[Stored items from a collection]

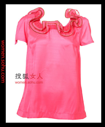时尚解析:粉色公主袖荷叶领T恤,色彩好像夏日里的草莓冰淇淋,同样在搭配上腰带是不可或缺的,与领口的细节设计相呼应,搭配白色打底裤,草莓奶油冰激凌呈现。
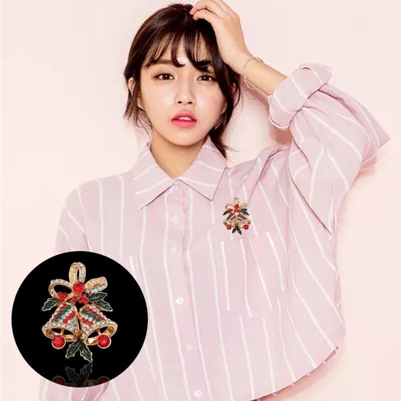 送料無料 クリスマスブローチ女性冬のカラークリスタルエナメルブローチ弓ベルピンジュエリーアクセサリーギフト リボン ウィンター 冬物 AE335356665638279727
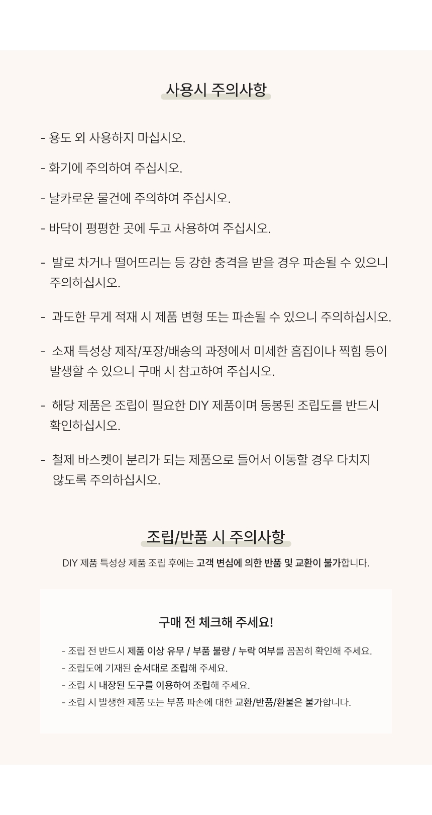 - 고객 변심에 의한 교환, 반품은 고객께서 배송비를 부담하셔야 합니다(제품의 하자,배송오류는 제외)
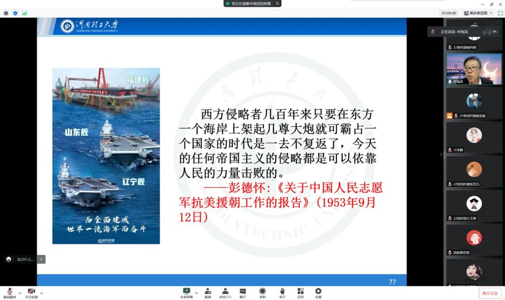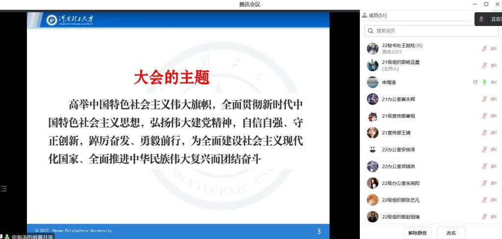 为深入学习宣传贯彻党的二十大精神,提高公司青年团员理论素养,公司团委于11月27日晚在线上举办学习党的二十大精神专题报告暨“青马工程”培训班第三次理论学习,邀请省委宣传部青年理论宣讲专家申海涛老师做党的二十大精神宣讲报告。院团委书记李静主持报告会,学院“青马工程”培训班全体学员和公司员工代表聆听报告。
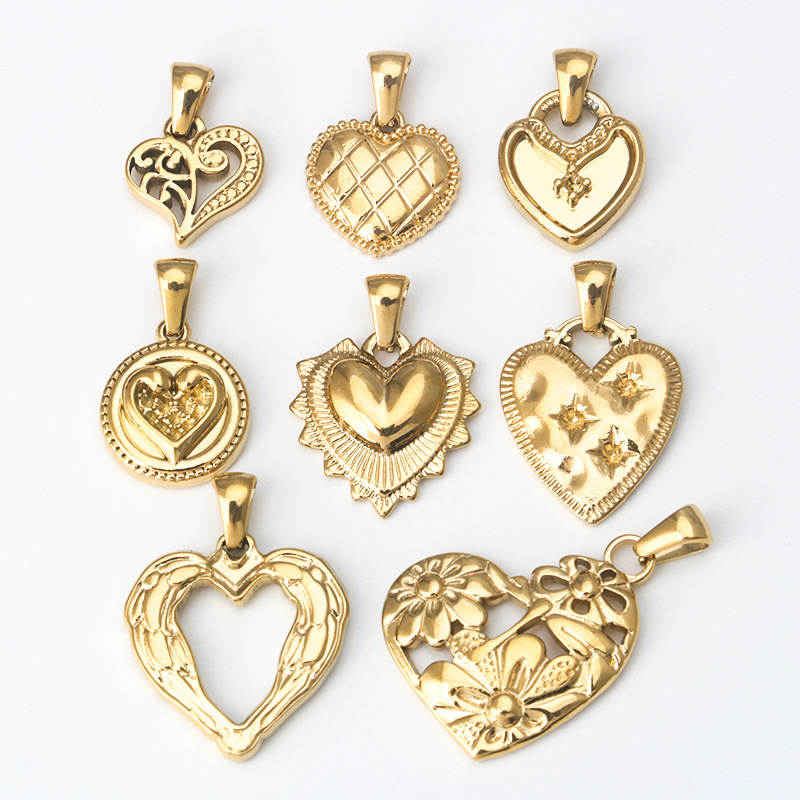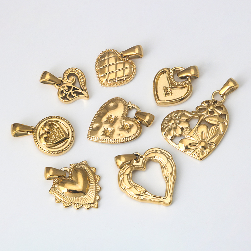 1 Piece Titanium Steel Heart Shape Flower Pendant
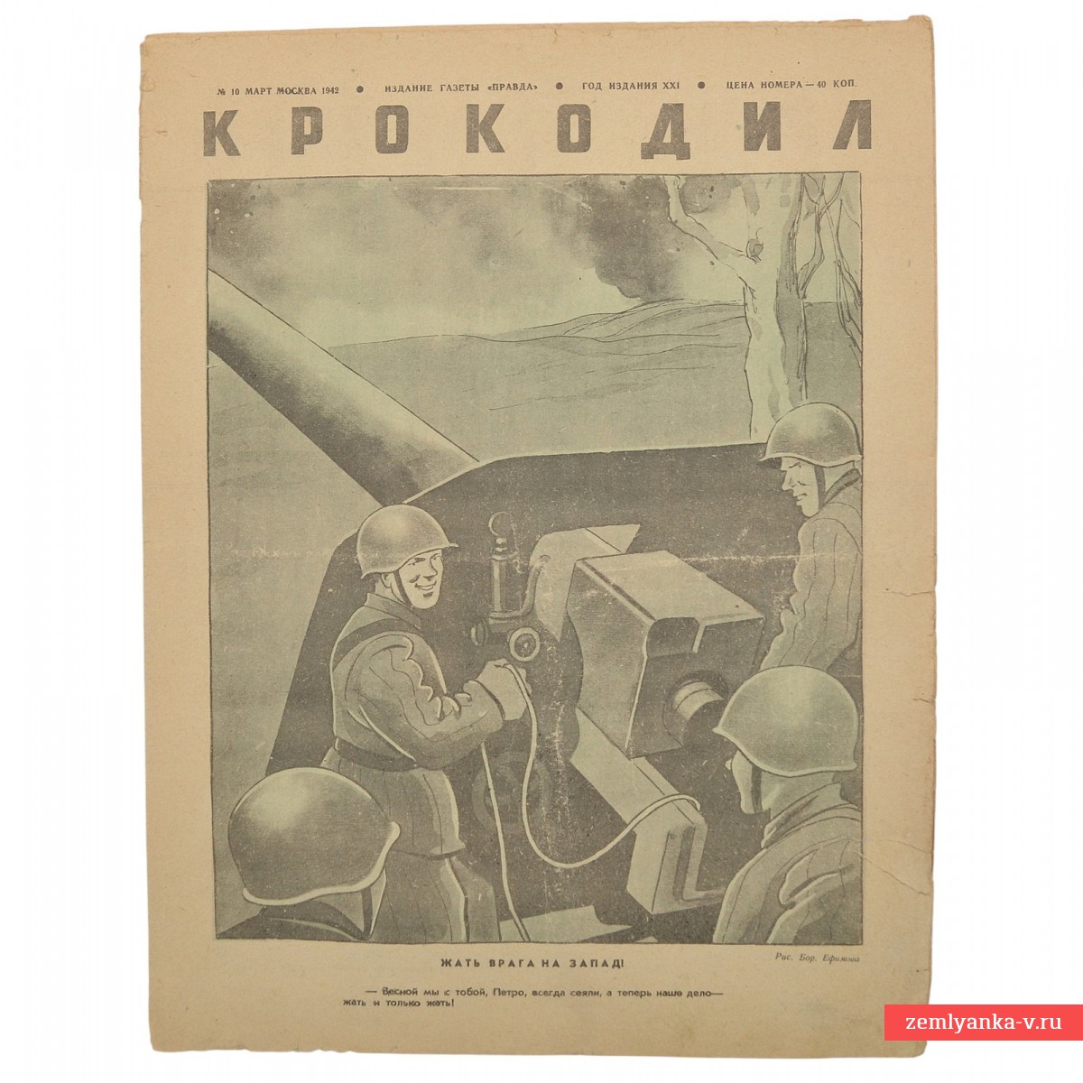 Бумага. Журнал находится в хорошем коллекционном состоянии. Размер 340*254. Цветные иллюстрации и карикатуры. На обложке изображены советские солдаты Красной Армии, ведущие артиллерийский огонь из орудия. Главный заголовок на обложке гласит: «ЖАТЬ ВРАГА НА ЗАПАД!». Под основным рисунком приводится диалог:» – Весной мы с тобой, Петро, всегда сеяли, а теперь наше дело – жать и только жать!». Обложка несет ярко выраженный агитационный характер, призывая к активным действиям против врага и используя образ урожая для усиления эмоционального воздействия на читателя. Гарантия подлинности.
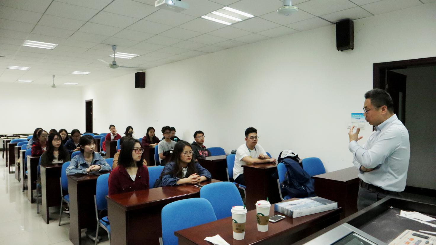 田超纲介绍了德国汉莎货运航空公司的具体情况,然后对客运航空行业和物流行业的形势进行分析。他建议同学们要做好相关领域的知识储备,就业时有的放矢,把握航空行业的人才需求。此外,田经理结合自身多年在不同岗位历练的经验,对外国语学院的学生在日常学习、生活以及毕业后职业规划、发展等方面提出了许多建设性建议,他指出企业面试时看重学习能力、实习经历及自我评价等。最后,他强调青年学生要充分利用大学资源,在积淀自己专业素质的同时也要拓宽视野、多维发展。

__Work instruction__
Say again, exactly, only those lines of the records that run from the start through the line with "1 Piece Titanium". Pictures are to be skipped.

__Completed task__
时尚解析:粉色公主袖荷叶领T恤,色彩好像夏日里的草莓冰淇淋,同样在搭配上腰带是不可或缺的,与领口的细节设计相呼应,搭配白色打底裤,草莓奶油冰激凌呈现。
 送料無料 クリスマスブローチ女性冬のカラークリスタルエナメルブローチ弓ベルピンジュエリーアクセサリーギフト リボン ウィンター 冬物 AE335356665638279727
 - 고객 변심에 의한 교환, 반품은 고객께서 배송비를 부담하셔야 합니다(제품의 하자,배송오류는 제외)
 为深入学习宣传贯彻党的二十大精神,提高公司青年团员理论素养,公司团委于11月27日晚在线上举办学习党的二十大精神专题报告暨“青马工程”培训班第三次理论学习,邀请省委宣传部青年理论宣讲专家申海涛老师做党的二十大精神宣讲报告。院团委书记李静主持报告会,学院“青马工程”培训班全体学员和公司员工代表聆听报告。
 1 Piece Titanium Steel Heart Shape Flower Pendant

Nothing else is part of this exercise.